Variable	Provider	Required
`OPENAI_API_KEY`	OpenAI	For OpenAI models
`ANTHROPIC_API_KEY`	Anthropic	For Claude models
`GOOGLE_API_KEY`	Google	For Gemini models
`AZURE_OPENAI_API_KEY`	Azure OpenAI	For Azure deployments
`AZURE_OPENAI_ENDPOINT`	Azure OpenAI	For Azure deployments
`AZURE_OPENAI_DEPLOYMENT`	Azure OpenAI	For Azure deployments
`OLLAMA_API_BASE_URL`	Ollama	Optional (default: `http://localhost:11434/v1`)
`OLLAMA_API_KEY`	Ollama	Optional

Using .env Files¶

You can use a .env file with python-dotenv:

.env

OPENAI_API_KEY=sk-...
ANTHROPIC_API_KEY=sk-ant-...
GOOGLE_API_KEY=AI...

from dotenv import load_dotenv
load_dotenv()

from eval_lib import evaluate, AnswerRelevancyMetric
# Now API keys are available

Model Specification¶

Models are specified using the provider:model_name format:

# OpenAI (default provider if no prefix)
model = "gpt-4o"
model = "openai:gpt-4o"

# Anthropic
model = "anthropic:claude-3-5-sonnet-latest"

# Google Gemini
model = "google:gemini-2.0-flash"

# Ollama (local)
model = "ollama:llama3"

# Azure OpenAI
model = "azure:gpt-4o"

You can also use LLMDescriptor for explicit configuration:

from eval_lib import LLMDescriptor, Provider

model = LLMDescriptor(provider=Provider.OPENAI, model="gpt-4o")
model = LLMDescriptor(provider=Provider.ANTHROPIC, model="claude-3-5-sonnet-latest")

Metric Configuration¶

Every metric accepts these common parameters:

Parameter	Type	Default	Description
`model`	`str`	—	LLM model to use for evaluation
`threshold`	`float`	varies	Minimum score to pass (0.0-1.0)
`verbose`	`bool`	`False`	Enable detailed logging

Default Thresholds¶

Metric	Default Threshold
Answer Relevancy	0.6
Answer Precision	0.6
Faithfulness	0.7
Contextual Relevancy	0.6
Contextual Precision	0.7
Contextual Recall	0.7
Bias Detection	0.8
Toxicity Detection	0.7
Tool Correctness	0.5
Task Success Rate	0.7
Role Adherence	0.7
Knowledge Retention	0.7
Tool Error Detection	0.7
All Security Metrics	0.7

Temperature Parameter¶

Metrics that use verdict aggregation accept a temperature parameter that controls scoring strictness:

# Strict scoring — penalizes poor verdicts heavily
metric = AnswerRelevancyMetric(model="gpt-4o", threshold=0.7, temperature=0.1)

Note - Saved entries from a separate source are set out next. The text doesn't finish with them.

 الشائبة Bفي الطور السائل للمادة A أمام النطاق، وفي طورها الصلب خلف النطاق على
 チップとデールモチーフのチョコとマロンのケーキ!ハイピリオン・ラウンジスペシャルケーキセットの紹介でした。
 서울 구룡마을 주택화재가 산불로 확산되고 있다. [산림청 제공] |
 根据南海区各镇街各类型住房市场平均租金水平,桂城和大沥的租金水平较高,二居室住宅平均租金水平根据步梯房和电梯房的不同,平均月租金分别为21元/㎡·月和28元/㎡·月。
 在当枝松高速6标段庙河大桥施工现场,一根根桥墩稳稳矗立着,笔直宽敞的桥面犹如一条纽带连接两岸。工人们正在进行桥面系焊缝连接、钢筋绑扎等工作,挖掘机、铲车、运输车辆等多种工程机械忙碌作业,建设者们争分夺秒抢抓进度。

# Balanced scoring (default for most metrics)
metric = AnswerRelevancyMetric(model="gpt-4o", threshold=0.7, temperature=0.5)

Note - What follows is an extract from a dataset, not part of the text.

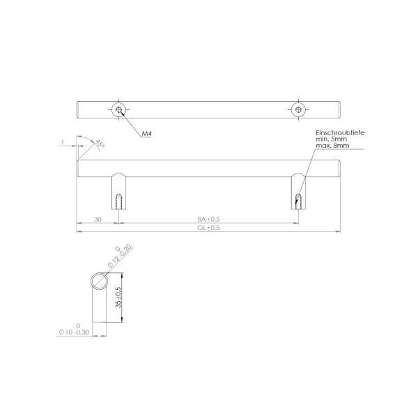 WB Luxury Stainless Steel Look Stangengriff Knob 128mm Hole Spacing Furniture Handle 188mm Length Ø12mm Including Screws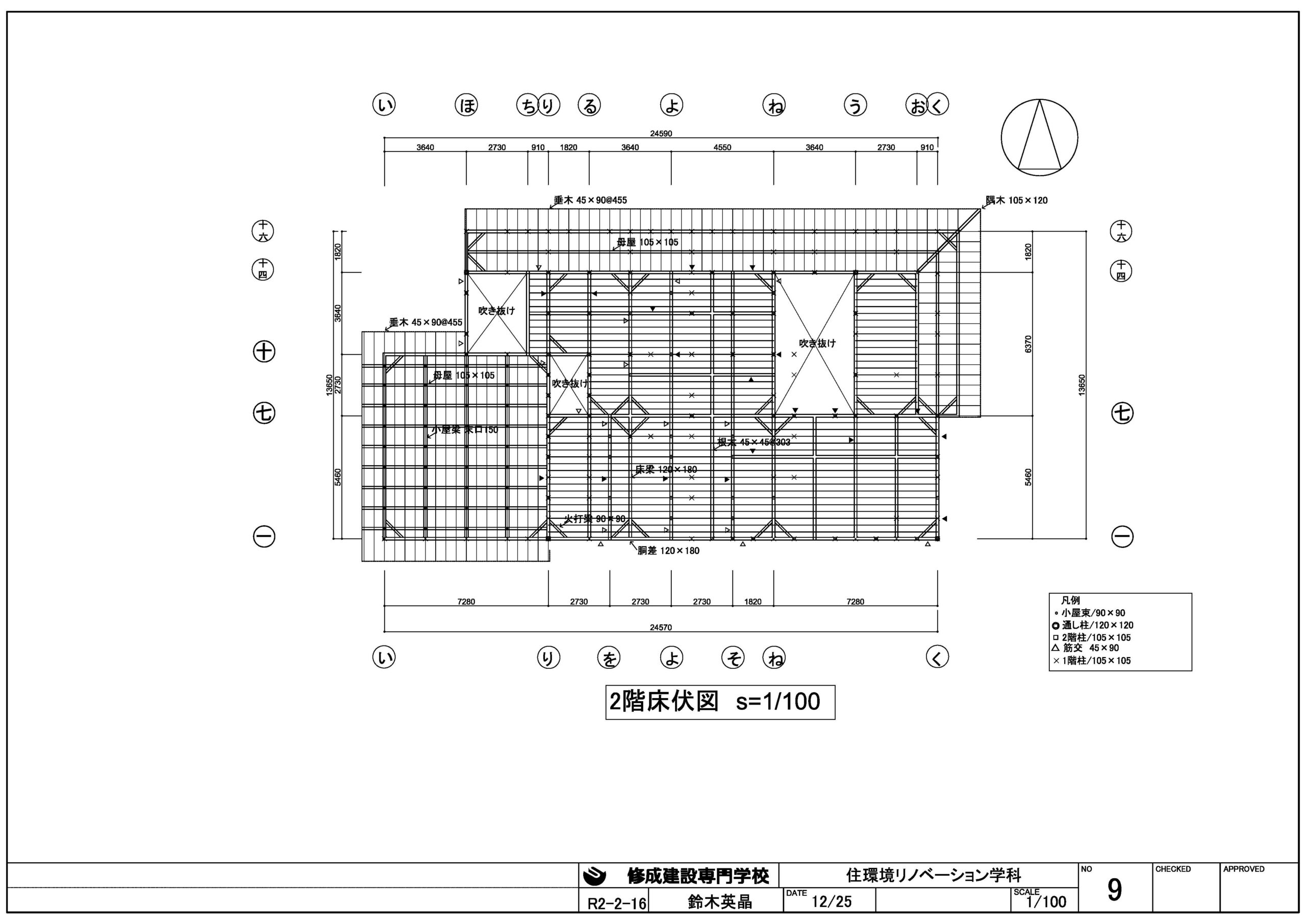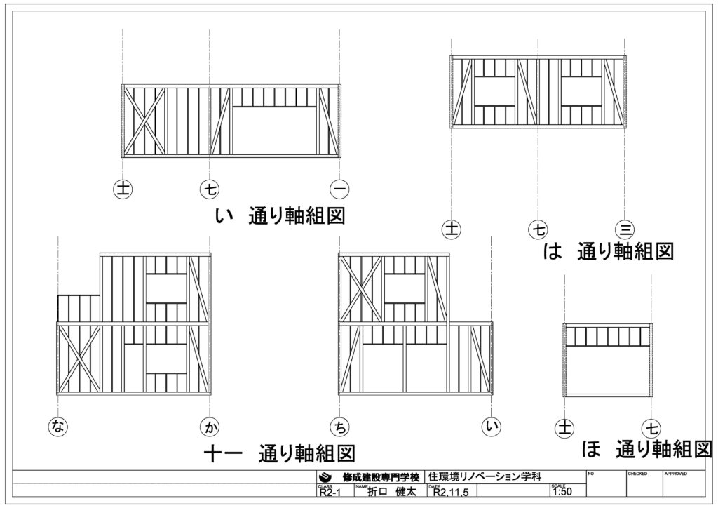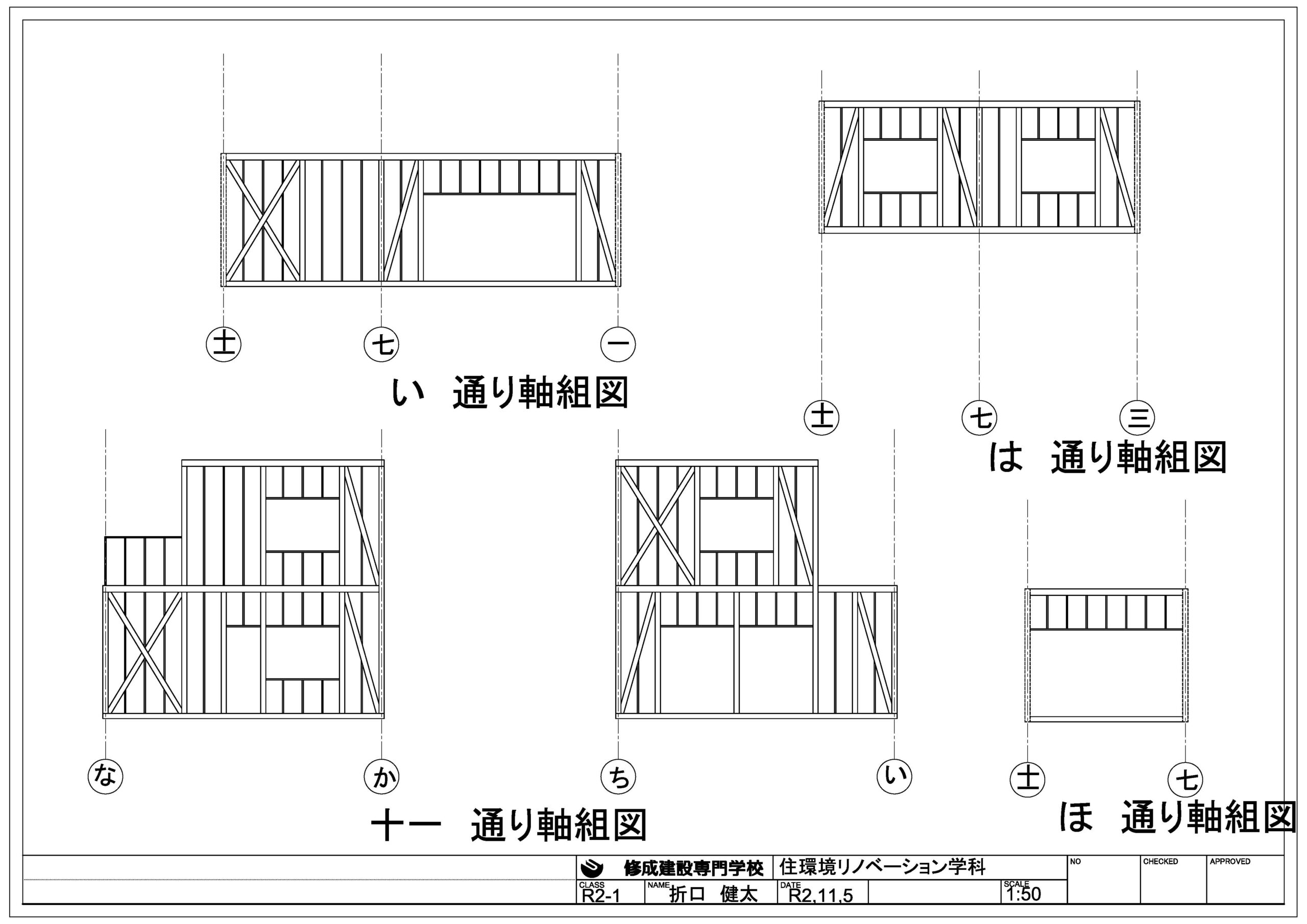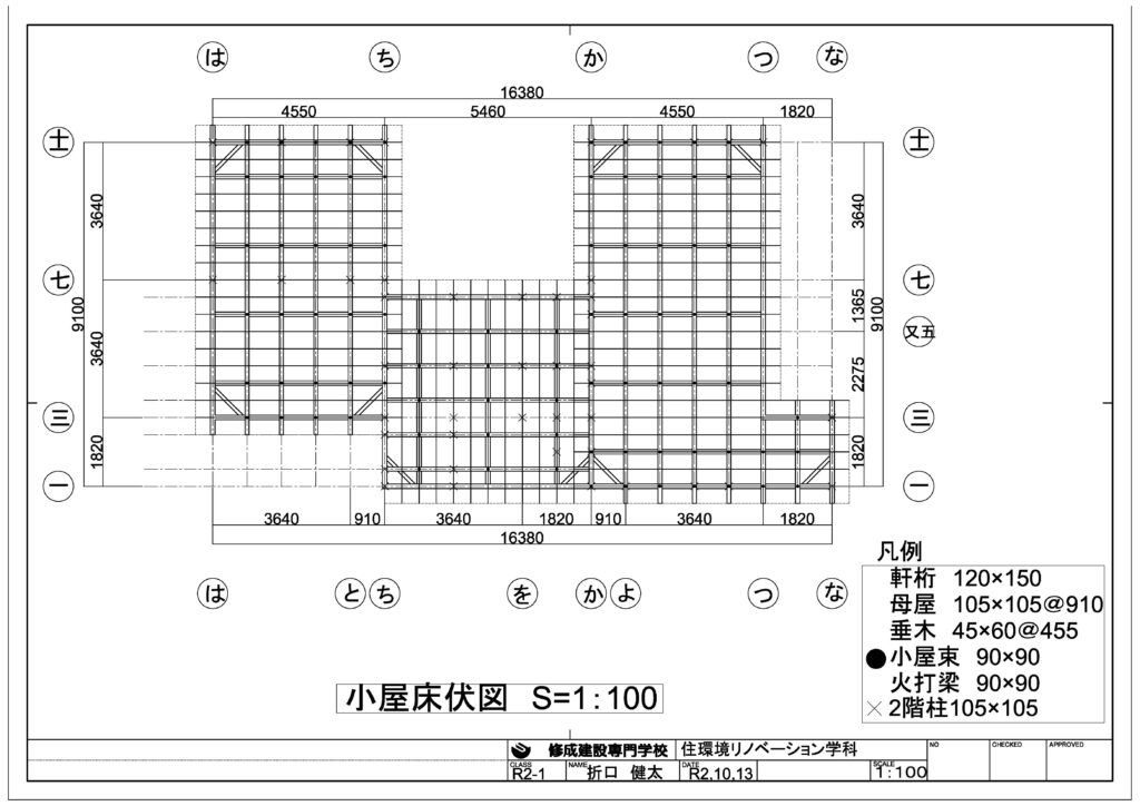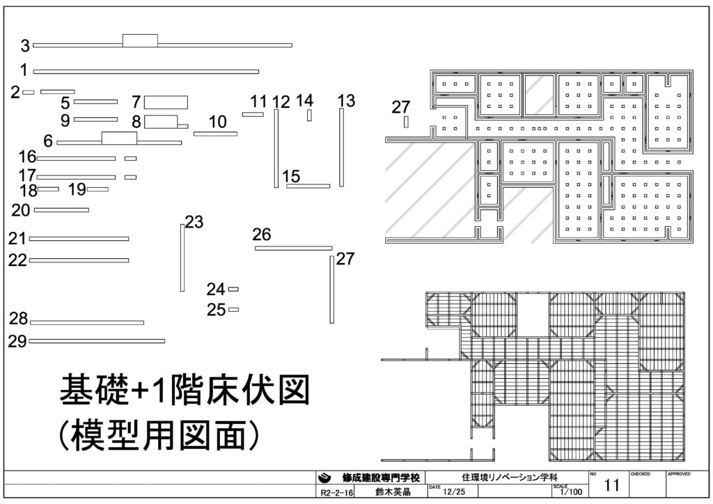 今年度は、時間的な制約もあり、伏図・軸組図からのスタートになりました。その一方で、泉先生のグループとの協働作業により、スケジュール管理ができ、予定通りの成果を収めることができました。

# Lenient scoring — forgiving of weak verdicts
metric = AnswerRelevancyMetric(model="gpt-4o", threshold=0.7, temperature=1.0)

See Score Aggregation for details on how temperature affects scoring.

Evaluation Options¶

The evaluate() function accepts these options:

results = await evaluate(
    test_cases=test_cases,       # List[EvalTestCase]
    metrics=metrics,             # List[MetricPattern]
    verbose=True,                # Show progress in console
    show_dashboard=False,        # Open dashboard after evaluation
    session_name="my-run"        # Name for dashboard session
)

Parameter	Type	Default	Description
`test_cases`	`List[EvalTestCase]`	required	Test cases to evaluate
`metrics`	`List[MetricPattern]`	required	Metrics to apply
`verbose`	`bool`	`True`	Show console progress
`show_dashboard`	`bool`	`False`	Open dashboard in browser
`session_name`	`str`	`None`	Session name for caching

Test Case Schema¶

EvalTestCase¶

from eval_lib import EvalTestCase

test_case = EvalTestCase(
    input="User's question",                    # Required
    actual_output="AI's response",              # Required
    expected_output="Reference answer",          # Optional
    retrieval_context=["context chunk 1", ...],  # Optional
    tools_called=["tool1", "tool2"],            # Optional (for agent metrics)
    expected_tools=["tool1", "tool2"],          # Optional (for agent metrics)
    reasoning="Chain of thought",               # Optional
    name="Test case label",                     # Optional
)

ConversationalEvalTestCase¶

from eval_lib import ConversationalEvalTestCase, EvalTestCase

conversation = ConversationalEvalTestCase(
    chatbot_role="System prompt / role description",  # Optional
    name="Conversation label",                        # Optional
    turns=[
        EvalTestCase(input="...", actual_output="..."),
        EvalTestCase(input="...", actual_output="..."),
    ]
)

Which fields are needed?

Different metrics require different fields. See each metric's documentation for its specific requirements.